P.: “Los primeros años fueron complicados porque iba a través de la Seguridad Social y ponían muchas trabas, muchas pegas y muchos impedimentos. Estuve haciendo test psicológicos, en endocrinos… La experiencia fue bastante nefasta y yo, como tenía en ese momento 15 años, no tenía tiempo. Quería empezar la hormonación lo antes posible. Cosa que me fue bastante complicada. Al ver que no me daban ninguna solución, sólo problemas, mis padres y yo tomamos la determinación de empezar el proceso por la privada, por nuestra cuenta. Al poco tiempo, conseguí mi tratamiento hormonal”.

M.O.: “Hay pocos profesionales formados. No tenía ganas de vivir más y empecé a ir a psicólogos. Me diagnosticaron trastorno límite de la personalidad. Eso hizo que la familia, que ya de por sí no me apoyaba, no aceptase mi situación. Pienso que este tipo de fallos han llevado a suicidios”.

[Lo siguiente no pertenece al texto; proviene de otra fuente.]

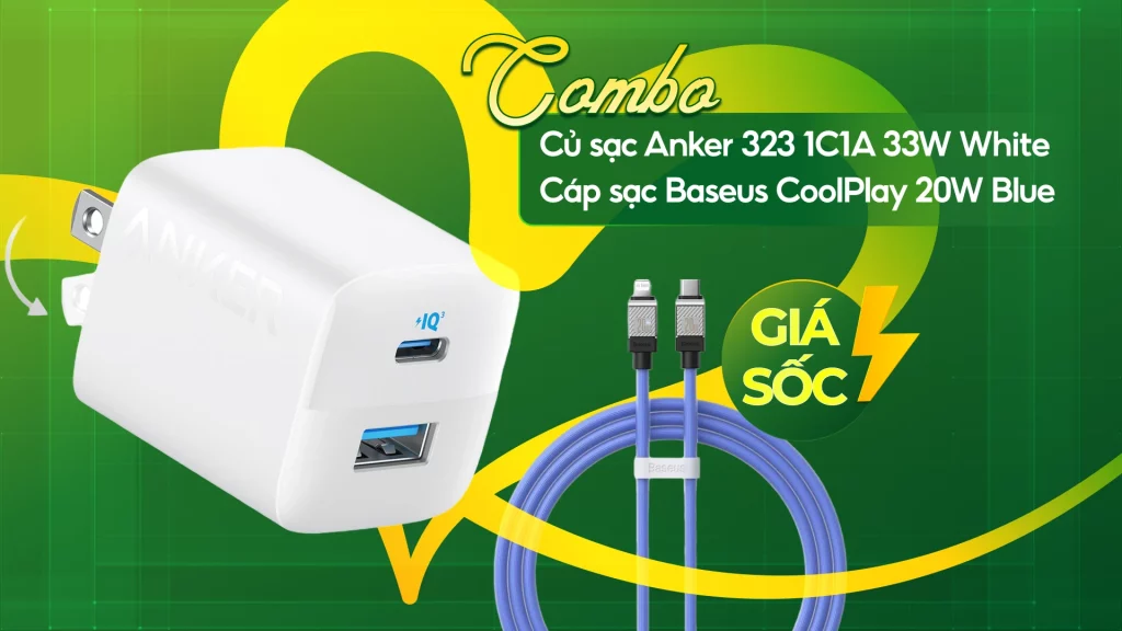 Bạn đang tìm kiếm một giải pháp sạc nhanh, bền bỉ và tương thích hoàn hảo với các thiết bị Apple? Combo Củ sạc Anker 323 33W + Cáp sạc Baseus CoolPlay Type-C chính là lựa chọn lý tưởng để nâng tầm trải nghiệm sạc của bạn. Với sự kết hợp giữa công nghệ tiên tiến và thiết kế bền bỉ, bộ đôi này không chỉ mang đến tốc độ sạc vượt trội mà còn đảm bảo an toàn và độ bền lâu dài cho iPhone, AirPods và nhiều thiết bị khác. Hãy cùng khám phá lý do vì sao combo này là phụ kiện không thể thiếu cho mọi tín đồ công nghệ.

A.: “La condición social o dónde vives hace que la situación pueda ser más fácil o más difícil. Como vivo en una familia acomodada, aunque no lo aceptasen, indirectamente, podía sacar dinero. Si estás en la Seguridad Social es una ventaja porque no tiene coste, pero es más difícil, ponen más trabas, es más estigmatizante. Contaba con el apoyo de mi prima y un amigo. Me han respetado y me han querido, con eso es suficiente”.

M.O.: “Si mi familia me hubiese apoyado, me hubiese ayudado a no tener que esconderme de las personas que nos rodeaban, a ir acompañado a las citas médicas, haber tenido ese apoyo y no sentirme más solo que nadie, de sentirme marginado y no poder expresarlo en casa, el tener que tragarme muchas cosas solo y no tener ayuda de ningún tipo, incluyendo el tema económico. He ahí el porqué no me he operado aún. El porqué he tenido tantos problemas con las hormonas al tener que parar el proceso en más de una ocasión debido a la necesidad de sobrevivir, porque mis padres me echaron de casa. Las cosas cambian mucho cuando tienes ese apoyo. El apoyo familiar te facilita todo”.

La mayoría de estes jóvenes, interpretan que la patologización de lo trans supone graves consecuencias sobre sus vidas:

Y.: “La patologización me ha afectado haciéndome pensar que puedo estar loca”.

A.: “Genera estigmatización. Además, me podría haber ahorrado el informe psicológico que es lo que más me costó”.

M.: “La patología supone que se retrase lo evidente (hormonas y operaciones). Hasta que no lleve dos años con testosterona no puedo apuntarme a la lista de espera para la operación de mamas que, según me han dicho, es de 5 años”.

P.: “Es lamentable, un paso innecesario y que se debería cambiar de forma automática. La medicina debería avanzar al igual que la sociedad”.

Sin embargo, ni siquiera hay homogeneidad de opiniones respecto a esta cuestión.

E.: “Más allá del trato inicial con algunos especialistas de la UIG (Unidad de Identidad de Género), que se notaba que tenían muy internalizado el ser trans como patología, no creo que me haya afectado tanto. A lo mejor es una cosa un poco polémica, pero creo que resaltar el tema “stop la patologización trans” ya es una cosa más bien discursiva y de lenguaje y no es problema fundamental en cuanto a lo trans en la situación actual”.

Algunes se definen como activistas y visibles, que quieren ser un apoyo para otras personas que puedan vivir una situación similar. Otres afirman, simplemente, no querer ser invisibles. Y también nos encontramos a aquelles que, en este momento de sus vidas, prefieren pasar desapercibides, no quieren ser “la persona trans”, aunque si les preguntan, no lo negarán.

En cualquier caso, son personas maravillosas, luchadoras y, pese a su juventud, personas que siempre están dispuestas a colaborar para defender los derechos y que tienen sus cabezas muy bien amuebladas.

Desde Apoyo Positivo, muchas gracias por vuestra valentía y lucha constante. ¡Gracias, jóvenes Welove!